» Action item:
Would you repeat the listing below exactly, with no pictures in it?

^^^^^^^^

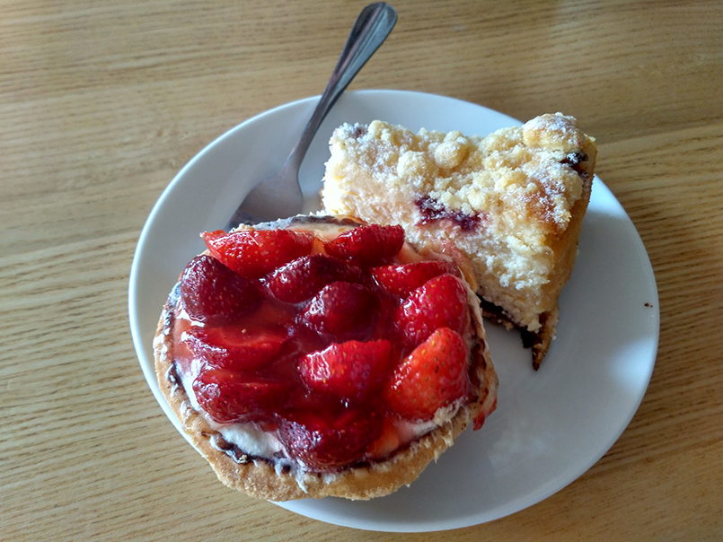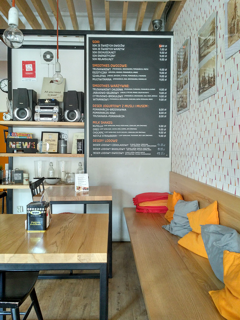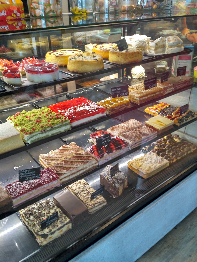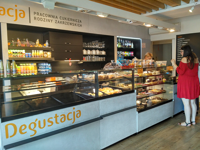 W „Degustacji” zamawiam przy barze, obsługa jest całkiem sprawna i już po kilku chwilach na moim stole pojawia się filiżanka kawy. Wybieram americano z ciepłym mlekiem podanym osobno. Kawa pachnie dobrze, jest dość mocna i intensywna w smaku. Ma w sobie nieco goryczy, więc nie do końca trafia w moje preferencje. Smakuje lepiej po dodaniu mleka i odrobiny cukru. Obudziła mnie i postawiła na nogi błyskawicznie, zanim na stół dotarło ciasto. Skusiłam się także na cappuccino z czekoladą i cynamonem. W kawiarni „Degustacja” jest spory wybór, jeśli jesteś zwolennikiem klasycznych polskich ciast. Znajdziemy tu na pewno kilka wersji sernika, jabłecznika oraz rozmaite ciasta z kremem, babeczki z owocami i budyniem, owocowe ciasta drożdżowe, bezy, keksy, czekoladowe eklerki i podobne pyszności. Będąc w towarzystwie moich dwóch przyjaciółek, zamówiłam trzy porcje ciasta – babeczkę z budyniem i truskawkami, sernik z kruszonką oraz „przekładaniec” z orzechami, galaretką i kremem czekoladowym. W naszej prywatnej klasyfikacji wygrał sernik – był puszysty, delikatny i rozpływał się w ustach. Ciasto z orzechami także było świetne, a jego porcja bardzo obfita. Babeczka z budyniem była dość klasyczna, ale także dobra i świeża. O tym, że ciasta są tu po prostu dobre świadczy także to, że podczas mojej wizyty kawiarnię odwiedziło sporo osób tylko po ciasta i torty. Cukiernia „Degustacja” oferuje wszystkie swoje wyroby także na zamówienie. Oprócz słodkości w menu znajdziemy także soki ze świeżych owoców i warzyw, owocowe smoothie, desery jogurtowe z muesli i musem owocowym, słodkie czekoladowe shaki oraz bogate lodowe desery. Jeśli lubisz niskokaloryczne i zdrowe koktajle, „Degustacja” ma je także w ofercie, np. z jarmużem, burakiem, szpinakiem czy rukolą. Jak na małą kawiarnię w spokojnym miasteczku oferta jest naprawdę bogata i urozmaicona. Ceny są w porządku w stosunku do jakości produktów – obfita porcja ciasta kosztuje dosłownie kilka złotych, a cena kawy plasuje się poniżej 10 zł. Owocowe koktajle i musy to koszt około 9 zł. Stosunkowo najdroższe są owocowe desery – 15 do 17 zł.
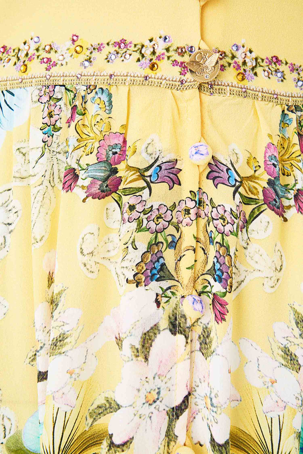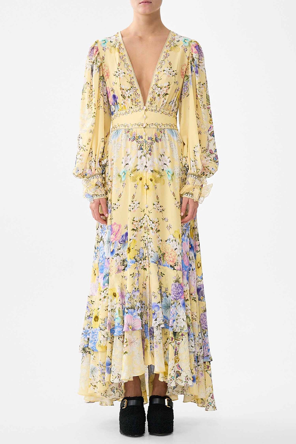 The Long Button Front Dress in Darling Buds from Camilla is a handcrafted silk silhouette designed by their in-house artisans. Reimagined in an exclusive limited edition print, this dress has a soft plunging V-neck line that meets at its shaped waistband with elastic back. It features intricate detailed buttons, crystal embellishments and a double ruffle hem.
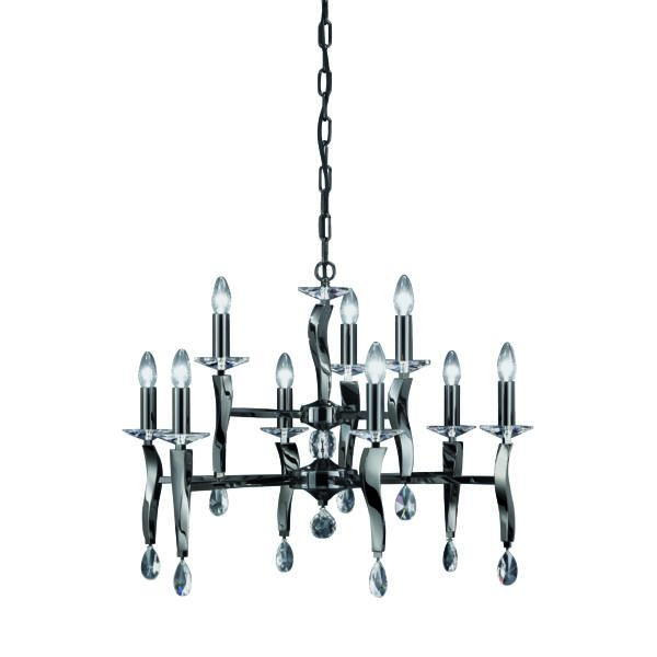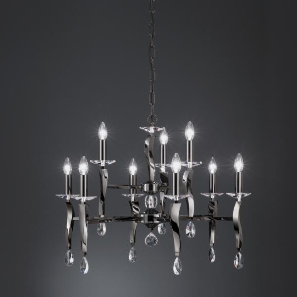 Pendelleuchte schwarzchrom glänzend, mit Kristallen, schwarzchrom glänzend, sonstige. Ausführung in kompakter Bauform für die harmonische Implementierung in stimmige, architektonische Raumkonzepte. Anbau-Pendelleuchte, mit Kristallen. Ausführung: E14, Montageart: Anbaumontage, Montageort: Deckenmontage, Material: Messingguss / Kristall, Schutzart raumseitig: nach DIN EN 60529: IP20, Schutzklasse: (EN 61140) I, Spannung: 230V AC 50Hz, Leistung: 40 W, Anzahl der Leuchtmittel / Fassungen: 9 Stück, ohne Betriebsgerät, Art der Dimmung: sonstige.
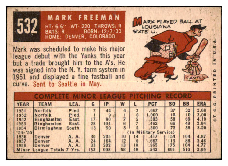 1959 Topps Baseball #532 Mark Freeman A's EX-MT 527484
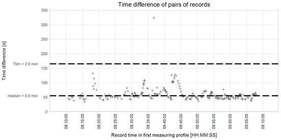 | [20] | Data source: 5.5 h of data from two neighboring intersections (Langfang, China). Evaluated traffic parameters: cumulative arrival/departure curve, queue length. Evaluation procedure: arrival/departure curve reconstruction process and queue length evaluation are described. Data quality issues: recognition errors which prevent data matching are discussed, a method of arrival curve interpolation is proposed to mitigate the negative impact of recognition errors. | Ref. [20] is focused on evaluation of data from two neighboring signalized intersections, with a single specific purpose. The contribution of our paper is in designing a comprehensive approach for evaluation of LPR data from various areas (typically from traffic networks sparsely—or not at all—equipped with sensors) in order to evaluate various traffic parameters. The proposed approach also addresses the possibility of identifying lower-quality data not only at the beginning of data evaluation, but also in specific steps during the evaluation procedure (e.g., matrix of matched data). |

^^^^^^^^

» Expected answer:
 W „Degustacji” zamawiam przy barze, obsługa jest całkiem sprawna i już po kilku chwilach na moim stole pojawia się filiżanka kawy. Wybieram americano z ciepłym mlekiem podanym osobno. Kawa pachnie dobrze, jest dość mocna i intensywna w smaku. Ma w sobie nieco goryczy, więc nie do końca trafia w moje preferencje. Smakuje lepiej po dodaniu mleka i odrobiny cukru. Obudziła mnie i postawiła na nogi błyskawicznie, zanim na stół dotarło ciasto. Skusiłam się także na cappuccino z czekoladą i cynamonem. W kawiarni „Degustacja” jest spory wybór, jeśli jesteś zwolennikiem klasycznych polskich ciast. Znajdziemy tu na pewno kilka wersji sernika, jabłecznika oraz rozmaite ciasta z kremem, babeczki z owocami i budyniem, owocowe ciasta drożdżowe, bezy, keksy, czekoladowe eklerki i podobne pyszności. Będąc w towarzystwie moich dwóch przyjaciółek, zamówiłam trzy porcje ciasta – babeczkę z budyniem i truskawkami, sernik z kruszonką oraz „przekładaniec” z orzechami, galaretką i kremem czekoladowym. W naszej prywatnej klasyfikacji wygrał sernik – był puszysty, delikatny i rozpływał się w ustach. Ciasto z orzechami także było świetne, a jego porcja bardzo obfita. Babeczka z budyniem była dość klasyczna, ale także dobra i świeża. O tym, że ciasta są tu po prostu dobre świadczy także to, że podczas mojej wizyty kawiarnię odwiedziło sporo osób tylko po ciasta i torty. Cukiernia „Degustacja” oferuje wszystkie swoje wyroby także na zamówienie. Oprócz słodkości w menu znajdziemy także soki ze świeżych owoców i warzyw, owocowe smoothie, desery jogurtowe z muesli i musem owocowym, słodkie czekoladowe shaki oraz bogate lodowe desery. Jeśli lubisz niskokaloryczne i zdrowe koktajle, „Degustacja” ma je także w ofercie, np. z jarmużem, burakiem, szpinakiem czy rukolą. Jak na małą kawiarnię w spokojnym miasteczku oferta jest naprawdę bogata i urozmaicona. Ceny są w porządku w stosunku do jakości produktów – obfita porcja ciasta kosztuje dosłownie kilka złotych, a cena kawy plasuje się poniżej 10 zł. Owocowe koktajle i musy to koszt około 9 zł. Stosunkowo najdroższe są owocowe desery – 15 do 17 zł.
 The Long Button Front Dress in Darling Buds from Camilla is a handcrafted silk silhouette designed by their in-house artisans. Reimagined in an exclusive limited edition print, this dress has a soft plunging V-neck line that meets at its shaped waistband with elastic back. It features intricate detailed buttons, crystal embellishments and a double ruffle hem.
 Pendelleuchte schwarzchrom glänzend, mit Kristallen, schwarzchrom glänzend, sonstige. Ausführung in kompakter Bauform für die harmonische Implementierung in stimmige, architektonische Raumkonzepte. Anbau-Pendelleuchte, mit Kristallen. Ausführung: E14, Montageart: Anbaumontage, Montageort: Deckenmontage, Material: Messingguss / Kristall, Schutzart raumseitig: nach DIN EN 60529: IP20, Schutzklasse: (EN 61140) I, Spannung: 230V AC 50Hz, Leistung: 40 W, Anzahl der Leuchtmittel / Fassungen: 9 Stück, ohne Betriebsgerät, Art der Dimmung: sonstige.
 1959 Topps Baseball #532 Mark Freeman A's EX-MT 527484
 | [20] | Data source: 5.5 h of data from two neighboring intersections (Langfang, China). Evaluated traffic parameters: cumulative arrival/departure curve, queue length. Evaluation procedure: arrival/departure curve reconstruction process and queue length evaluation are described. Data quality issues: recognition errors which prevent data matching are discussed, a method of arrival curve interpolation is proposed to mitigate the negative impact of recognition errors. | Ref. [20] is focused on evaluation of data from two neighboring signalized intersections, with a single specific purpose. The contribution of our paper is in designing a comprehensive approach for evaluation of LPR data from various areas (typically from traffic networks sparsely—or not at all—equipped with sensors) in order to evaluate various traffic parameters. The proposed approach also addresses the possibility of identifying lower-quality data not only at the beginning of data evaluation, but also in specific steps during the evaluation procedure (e.g., matrix of matched data). |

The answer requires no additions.